Fisher, one of 12 voting members of the Federal Reserve, or the Fed, didn’t return a call left for him Thursday. McRaven, chief of the U.S. Special Operations Command who directed the team that killed Osama bin Laden, didn’t respond to an email sent Thursday seeking comment.
Both men are on the list of chancellor candidates, a UT source on Thursday and another on Friday told the Statesman. Both contenders also have UT ties.
Fisher, who was former President Bill Clinton’s deputy trade representative, has served on the board of the UT Investment Management Company, called UTIMCO. McRaven is a UT graduate whose commencement speech at his alma mater went viral in May.

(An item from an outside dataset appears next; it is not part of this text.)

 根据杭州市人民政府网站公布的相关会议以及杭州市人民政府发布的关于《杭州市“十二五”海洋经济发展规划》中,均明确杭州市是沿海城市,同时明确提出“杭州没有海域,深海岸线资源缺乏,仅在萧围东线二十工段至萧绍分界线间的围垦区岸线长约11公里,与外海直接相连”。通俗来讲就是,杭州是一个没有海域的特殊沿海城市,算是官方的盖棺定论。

Regent Steve Hicks, one of three on the search committee for a chancellor, said Friday that he signed a confidentiality agreement and couldn’t name candidates. But, he said, regents are likely to announce their pick at the Aug. 20-21 board meeting, “if not sooner.”
“I’m very pleased with the quality of people that have come forward and that we’ve been able to talk to,” Hicks said. “It’s down to a handful.”

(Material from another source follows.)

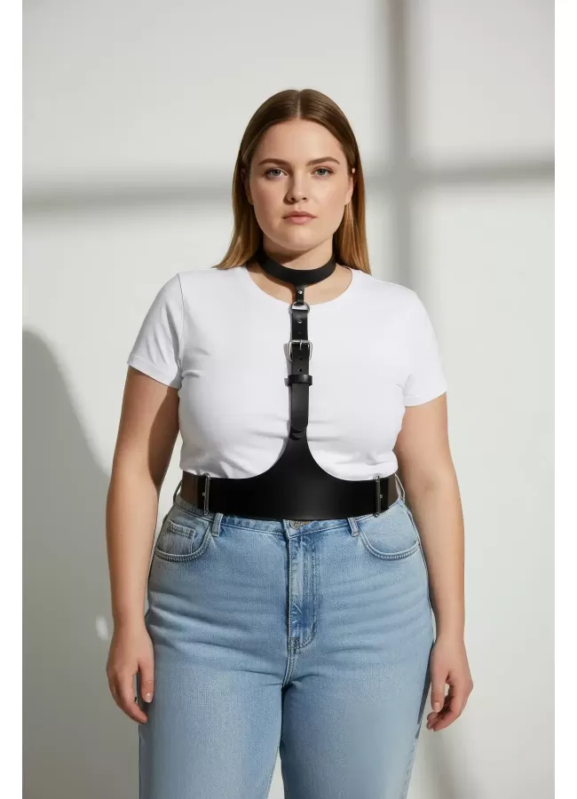 Siyah Kadın Kemer Omuz Detaylı Çift Tokalı Vücut Aksesuarı - APFT1113

He added that he was “really surprised” to get such good candidates at a time of tumult at the UT System and its flagship UT-Austin. Some of the controversy surrounds Chancellor Francisco Cigarroa, who announced in February that he would step down when his successor is found, and UT-Austin President Bill Powers, to whom Cigarroa issued an ultimatum earlier this month: agree to resign by October or risk being fired by the board at its Thursday meeting.
Cigarroa and Powers have had problems with communication and trust. On the eve of Thursday’s meeting, officials announced that Powers would remain in the presidency until June 2, as Powers had wished. The new chancellor is expected to play a key role in choosing Powers’ replacement.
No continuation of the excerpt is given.